More research needed, in other words. Any previous calls to activism muted.
Spahr and Young do a wonderful job compiling relevant demographic information, but in so doing, they rightly recognize that interpreting the information (both historically and in the present moment) is another job altogether. The data are separated from their explanation. Spahr and Young are, I imagine, on the political left, but their data remain open to explanation from multiple political or apolitical perspectives.
From an apolitical perspective, I would want to explain some of their demographic data with simple demography. For example, they imply that 29% non-white representation in English PhD programs is not enough, but America is precisely 29% non-white and 71% white, so I don’t find that statistic problematic at all. I would also claim that this same demographic point partially ameliorates the 18% non-white representation in MFA programs, though obviously, a gap in representation remains. How to explain it, though? Their essay is (rightly) not ideological enough to foreclose on all but a single, left-facing window of possibility. This is a good thing. Recognizing the possibility of multiple explanations is what keeps a field of inquiry from becoming an ideological echo-chamber.

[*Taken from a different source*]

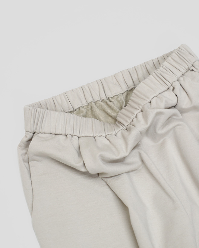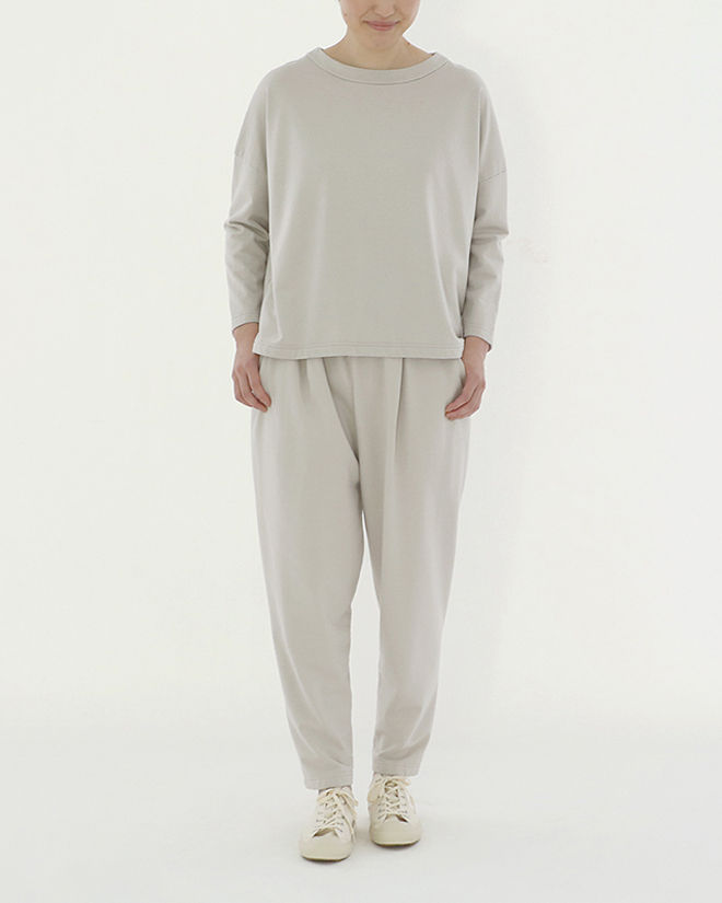抓絨面料,正面為棉,内面為羊毛。内裡較一般薄,表面的棉質地柔軟。寬鬆的尺寸不會凸顯身體線條,穿著舒適,但又給人一種休閒的感覺。

Spahr et al. also point to sociology as a field that uses computational methods to address critical, cultural questions. But again, addressing critical or cultural questions with computational methods is not at all the same thing as being critical, culturally progressive, or activist. Sociologists (and psychologists) have, I think, always recognized, if only quietly, that progressive or activist readings of their data are by no means the only readings. Steven Pinker and Jon Haidt, among others, are really pushing the point lately with their Heterodox Academy. It’s all a big debate, of course, but that’s the point.
In my view, good computational scholarship opens up debate and rarely points to One Single And Obvious And You’re Stupid If You Don’t Believe It conclusion. Sometimes it does, but that’s usually in the context of not-immediately-political content (e.g., whether or not Piraha possesses recursive syntax). But when you’re talking about large social or political explanations, I’ve never seen the explanation that doesn’t leave me thinking: Mm. Maybe. Interesting. I dunno. We’ll see.

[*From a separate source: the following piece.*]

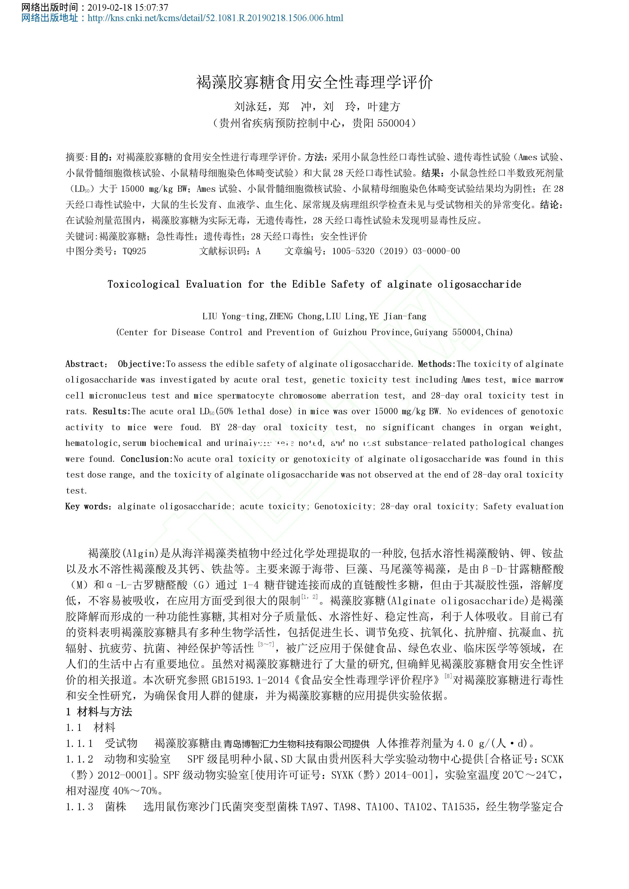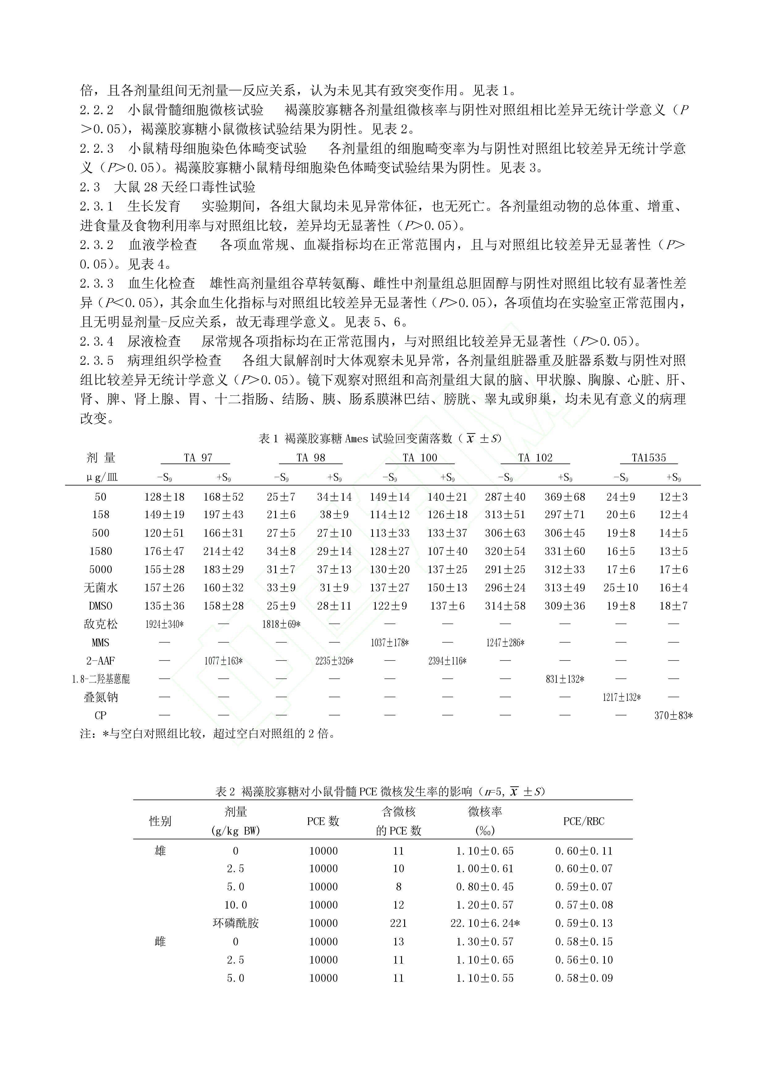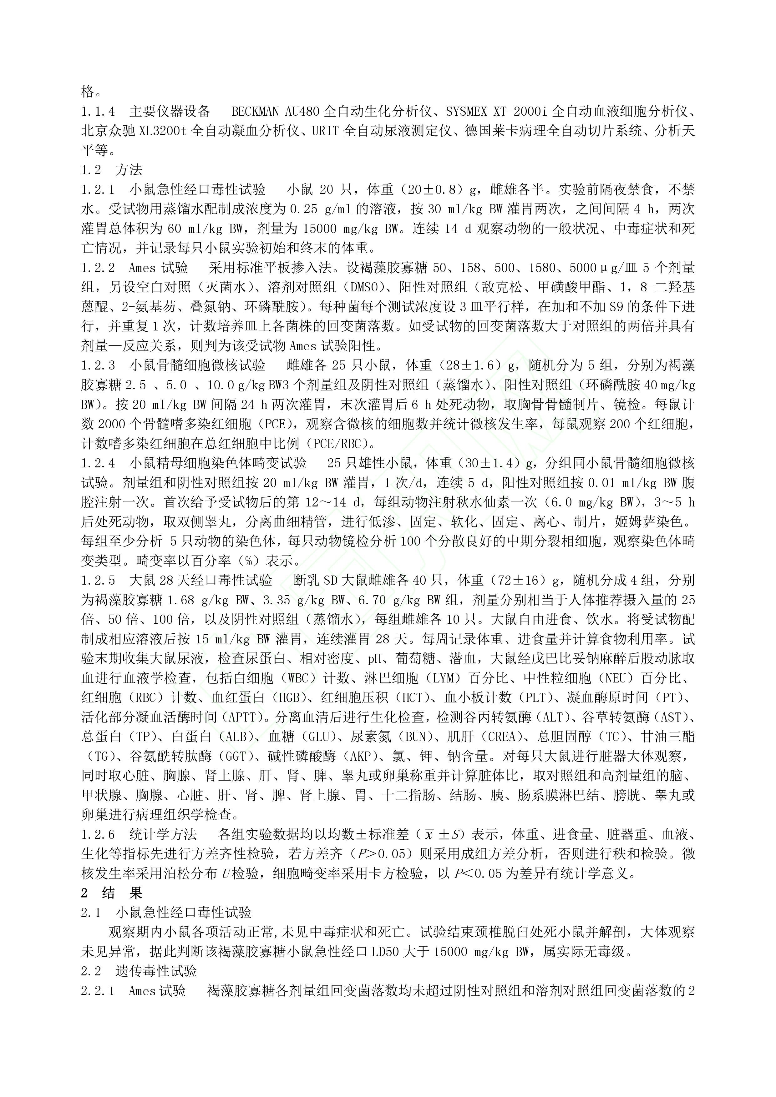 结论:在试验剂量范围内,褐藻胶寡糖为实际无毒,无遗传毒性,28 天经口毒性试验未发现明显毒性反应。

I’m sure my skepticism comes across as conservatism to some. From my perspective as a scholar, however, I’m simply tentative about my own worldview. I’m therefore deeply suspicious of any scholar or study purporting to provide 100% support for any particular ideology or political platform. So I think it’s a good thing that a lot of DH work doesn’t do that. Indeed, I’m drawn most often to theories that piss off everyone across the political spectrum—e.g., Gregory Clark’s work—because my most deeply held prior is that the world as it is probably won’t conform very often to any particular ideology or politics. If anything, then, I’d like to see more DH work not confirming a single orthodoxy but challenging many orthodoxies all at once. Then I’ll be confident it’s doing something right.